(Records for the task begins)

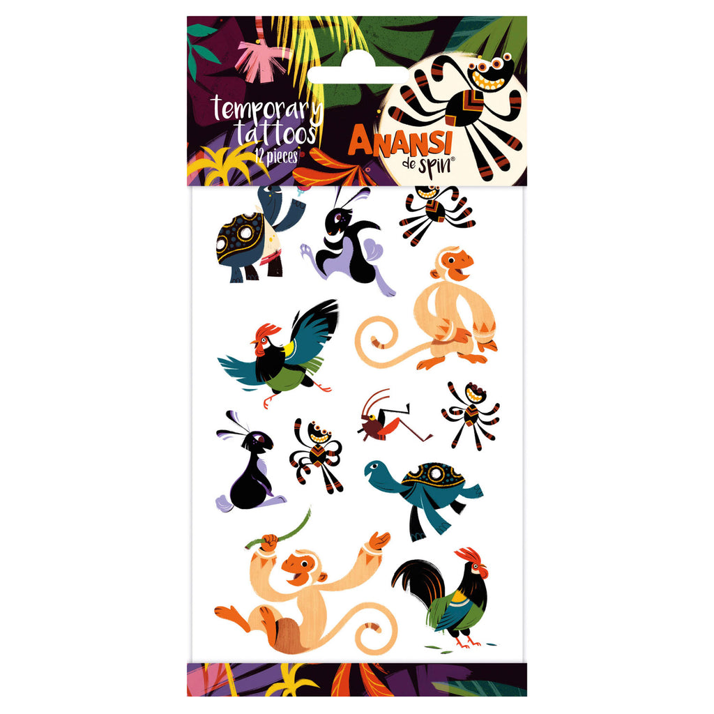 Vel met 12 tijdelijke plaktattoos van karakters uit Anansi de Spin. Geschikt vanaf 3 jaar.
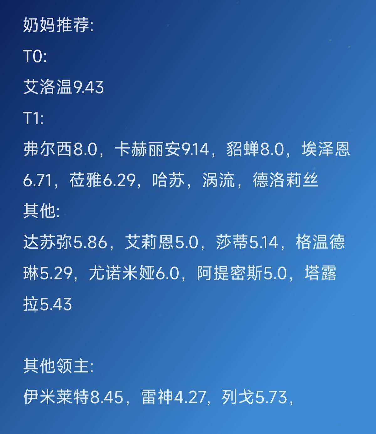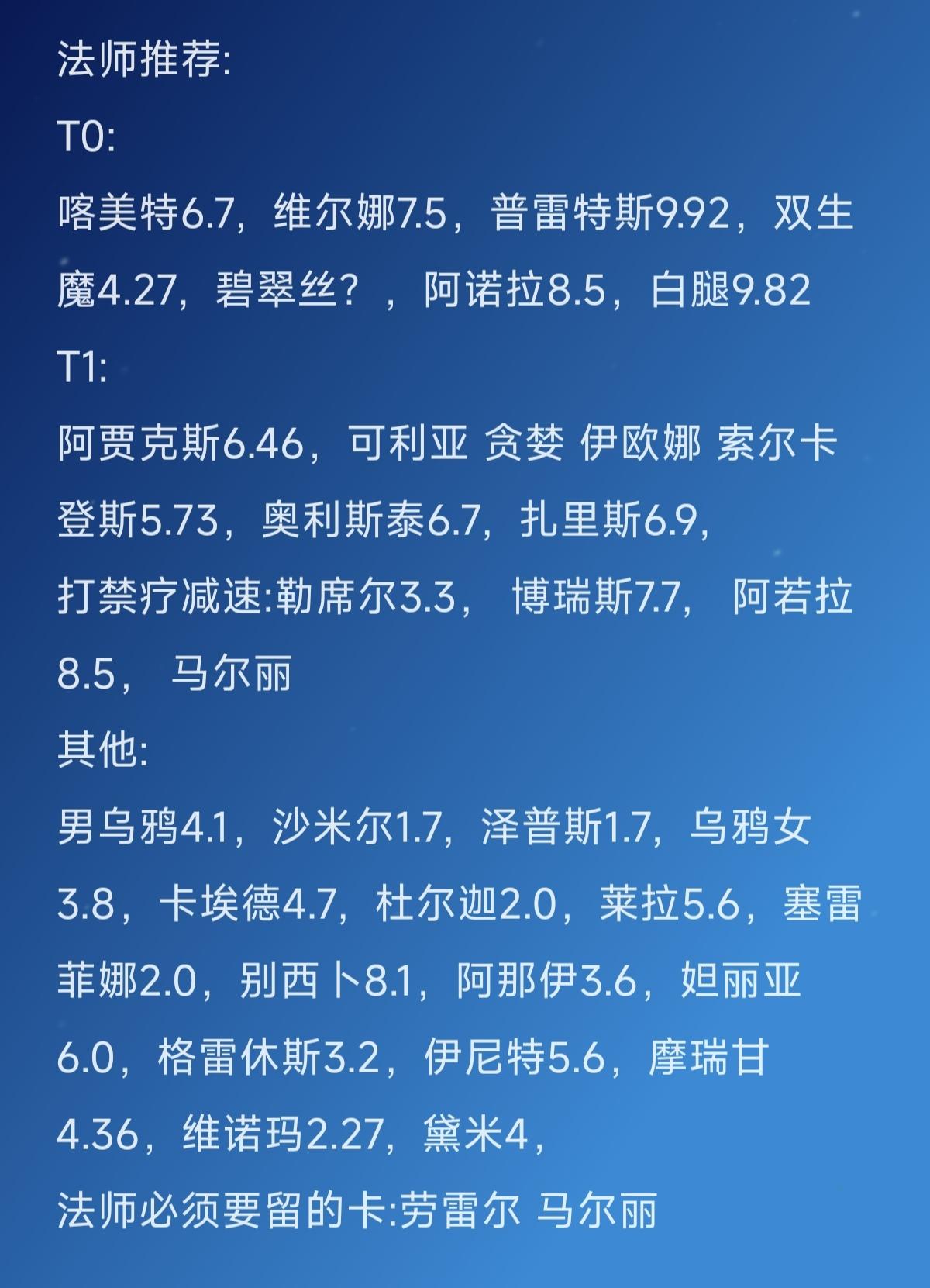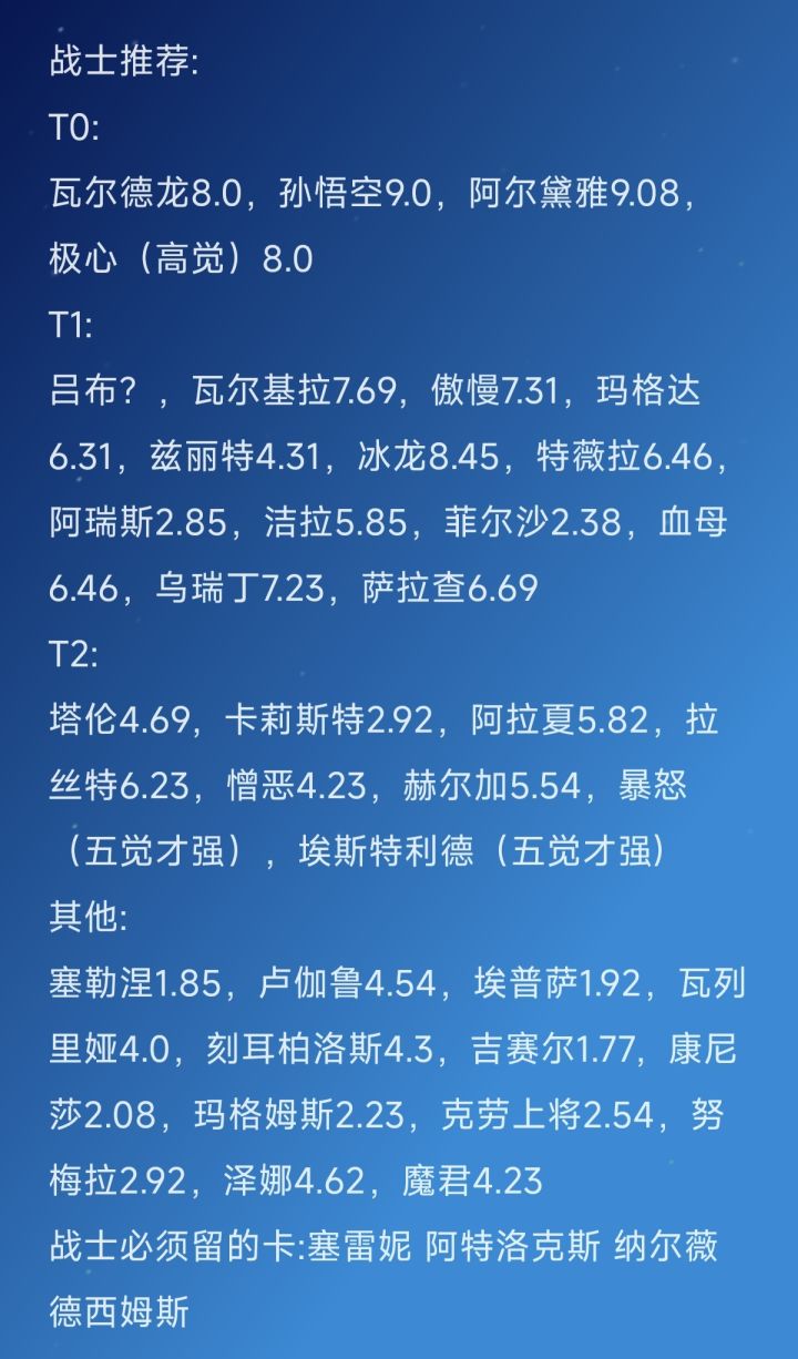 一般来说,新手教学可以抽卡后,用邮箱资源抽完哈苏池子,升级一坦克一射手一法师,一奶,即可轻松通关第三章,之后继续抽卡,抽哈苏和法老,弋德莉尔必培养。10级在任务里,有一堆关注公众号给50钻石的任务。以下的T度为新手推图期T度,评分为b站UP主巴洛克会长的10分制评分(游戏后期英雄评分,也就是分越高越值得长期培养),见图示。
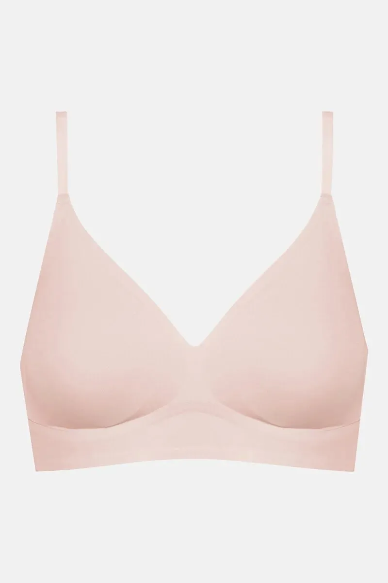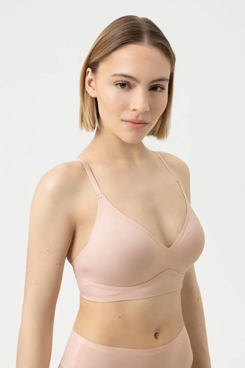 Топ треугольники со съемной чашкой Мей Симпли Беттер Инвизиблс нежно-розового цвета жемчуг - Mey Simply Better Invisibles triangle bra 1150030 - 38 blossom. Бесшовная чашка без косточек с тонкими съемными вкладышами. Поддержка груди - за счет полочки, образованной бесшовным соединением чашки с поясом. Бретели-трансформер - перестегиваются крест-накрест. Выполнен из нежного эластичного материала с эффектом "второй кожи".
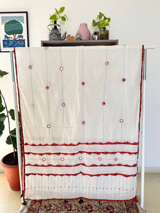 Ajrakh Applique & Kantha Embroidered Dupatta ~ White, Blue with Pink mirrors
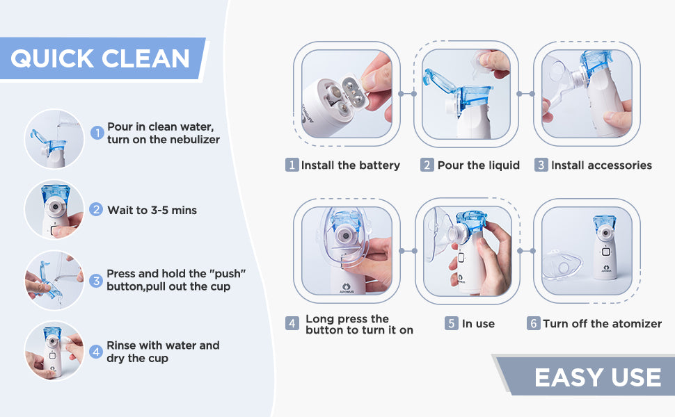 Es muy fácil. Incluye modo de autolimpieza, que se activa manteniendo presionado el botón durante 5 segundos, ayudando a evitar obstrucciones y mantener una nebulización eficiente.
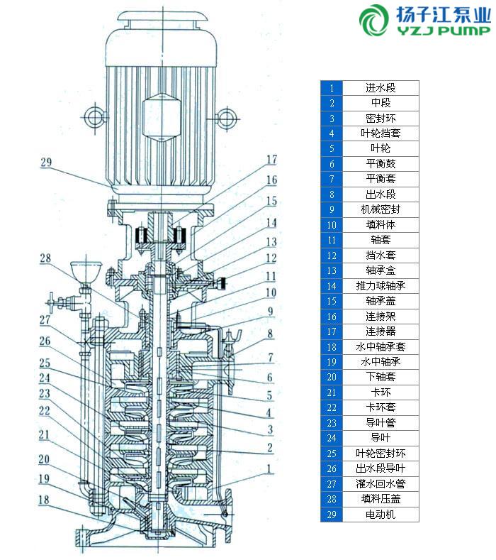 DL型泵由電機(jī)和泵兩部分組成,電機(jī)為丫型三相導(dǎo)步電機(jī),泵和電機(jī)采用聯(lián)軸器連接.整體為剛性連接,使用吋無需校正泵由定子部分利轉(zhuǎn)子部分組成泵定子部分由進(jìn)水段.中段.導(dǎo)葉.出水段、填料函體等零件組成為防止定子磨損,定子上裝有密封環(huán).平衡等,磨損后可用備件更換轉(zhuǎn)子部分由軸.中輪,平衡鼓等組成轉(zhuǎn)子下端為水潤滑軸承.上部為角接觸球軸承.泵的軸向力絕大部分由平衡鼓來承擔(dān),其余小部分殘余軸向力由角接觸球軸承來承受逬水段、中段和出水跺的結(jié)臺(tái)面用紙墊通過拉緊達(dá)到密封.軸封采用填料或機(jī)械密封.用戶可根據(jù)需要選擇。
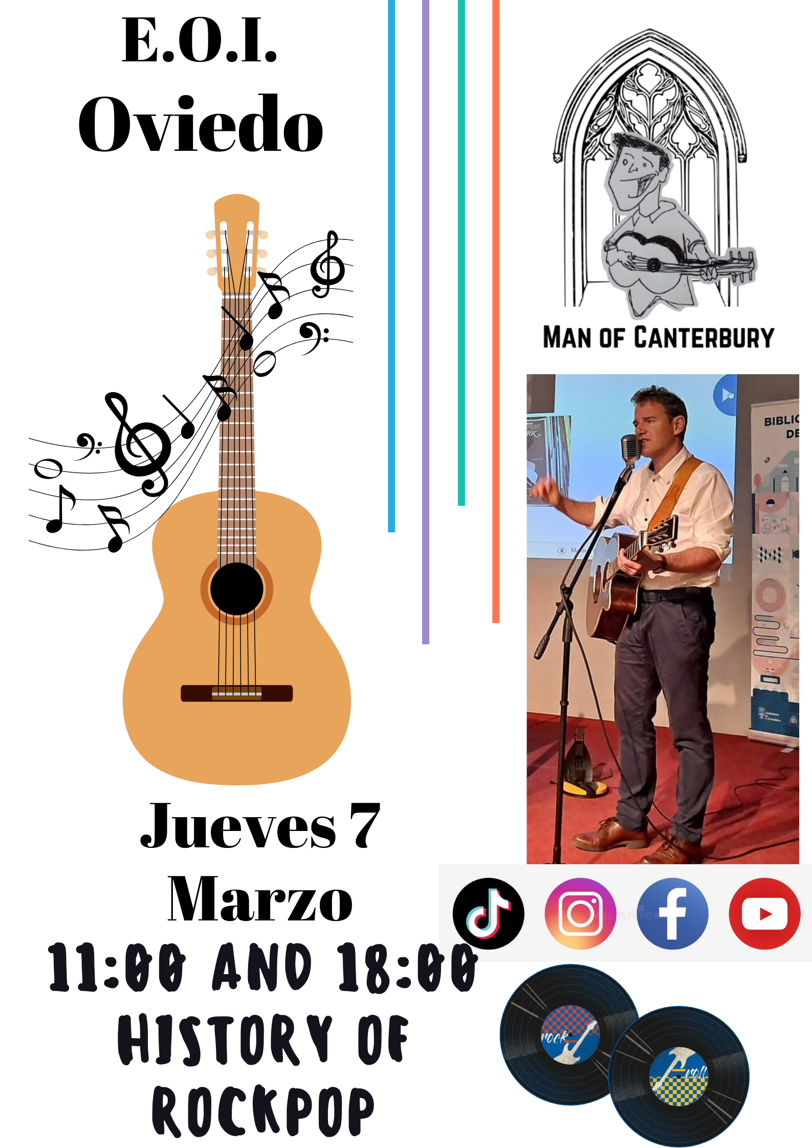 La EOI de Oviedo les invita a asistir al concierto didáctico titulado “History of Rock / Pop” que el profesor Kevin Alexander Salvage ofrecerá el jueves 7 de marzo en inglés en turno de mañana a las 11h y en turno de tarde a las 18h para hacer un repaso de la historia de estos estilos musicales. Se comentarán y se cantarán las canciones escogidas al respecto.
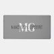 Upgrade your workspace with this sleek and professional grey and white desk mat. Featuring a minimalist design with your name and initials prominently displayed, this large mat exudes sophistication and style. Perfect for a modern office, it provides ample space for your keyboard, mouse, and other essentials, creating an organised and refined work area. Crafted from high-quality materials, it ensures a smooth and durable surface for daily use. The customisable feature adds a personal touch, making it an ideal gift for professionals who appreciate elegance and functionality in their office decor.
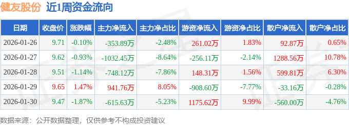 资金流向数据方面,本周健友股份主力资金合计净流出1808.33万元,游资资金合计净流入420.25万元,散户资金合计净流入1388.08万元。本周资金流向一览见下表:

(Records for the task ends)

What the exercise asks
Output all the records above again exactly, with the pictures dropped.

Exercise result
 Vel met 12 tijdelijke plaktattoos van karakters uit Anansi de Spin. Geschikt vanaf 3 jaar.
 一般来说,新手教学可以抽卡后,用邮箱资源抽完哈苏池子,升级一坦克一射手一法师,一奶,即可轻松通关第三章,之后继续抽卡,抽哈苏和法老,弋德莉尔必培养。10级在任务里,有一堆关注公众号给50钻石的任务。以下的T度为新手推图期T度,评分为b站UP主巴洛克会长的10分制评分(游戏后期英雄评分,也就是分越高越值得长期培养),见图示。
 Топ треугольники со съемной чашкой Мей Симпли Беттер Инвизиблс нежно-розового цвета жемчуг - Mey Simply Better Invisibles triangle bra 1150030 - 38 blossom. Бесшовная чашка без косточек с тонкими съемными вкладышами. Поддержка груди - за счет полочки, образованной бесшовным соединением чашки с поясом. Бретели-трансформер - перестегиваются крест-накрест. Выполнен из нежного эластичного материала с эффектом "второй кожи".
 Ajrakh Applique & Kantha Embroidered Dupatta ~ White, Blue with Pink mirrors
 Es muy fácil. Incluye modo de autolimpieza, que se activa manteniendo presionado el botón durante 5 segundos, ayudando a evitar obstrucciones y mantener una nebulización eficiente.
 DL型泵由電機(jī)和泵兩部分組成,電機(jī)為丫型三相導(dǎo)步電機(jī),泵和電機(jī)采用聯(lián)軸器連接.整體為剛性連接,使用吋無需校正泵由定子部分利轉(zhuǎn)子部分組成泵定子部分由進(jìn)水段.中段.導(dǎo)葉.出水段、填料函體等零件組成為防止定子磨損,定子上裝有密封環(huán).平衡等,磨損后可用備件更換轉(zhuǎn)子部分由軸.中輪,平衡鼓等組成轉(zhuǎn)子下端為水潤滑軸承.上部為角接觸球軸承.泵的軸向力絕大部分由平衡鼓來承擔(dān),其余小部分殘余軸向力由角接觸球軸承來承受逬水段、中段和出水跺的結(jié)臺(tái)面用紙墊通過拉緊達(dá)到密封.軸封采用填料或機(jī)械密封.用戶可根據(jù)需要選擇。
 La EOI de Oviedo les invita a asistir al concierto didáctico titulado “History of Rock / Pop” que el profesor Kevin Alexander Salvage ofrecerá el jueves 7 de marzo en inglés en turno de mañana a las 11h y en turno de tarde a las 18h para hacer un repaso de la historia de estos estilos musicales. Se comentarán y se cantarán las canciones escogidas al respecto.
 Upgrade your workspace with this sleek and professional grey and white desk mat. Featuring a minimalist design with your name and initials prominently displayed, this large mat exudes sophistication and style. Perfect for a modern office, it provides ample space for your keyboard, mouse, and other essentials, creating an organised and refined work area. Crafted from high-quality materials, it ensures a smooth and durable surface for daily use. The customisable feature adds a personal touch, making it an ideal gift for professionals who appreciate elegance and functionality in their office decor.
 资金流向数据方面,本周健友股份主力资金合计净流出1808.33万元,游资资金合计净流入420.25万元,散户资金合计净流入1388.08万元。本周资金流向一览见下表:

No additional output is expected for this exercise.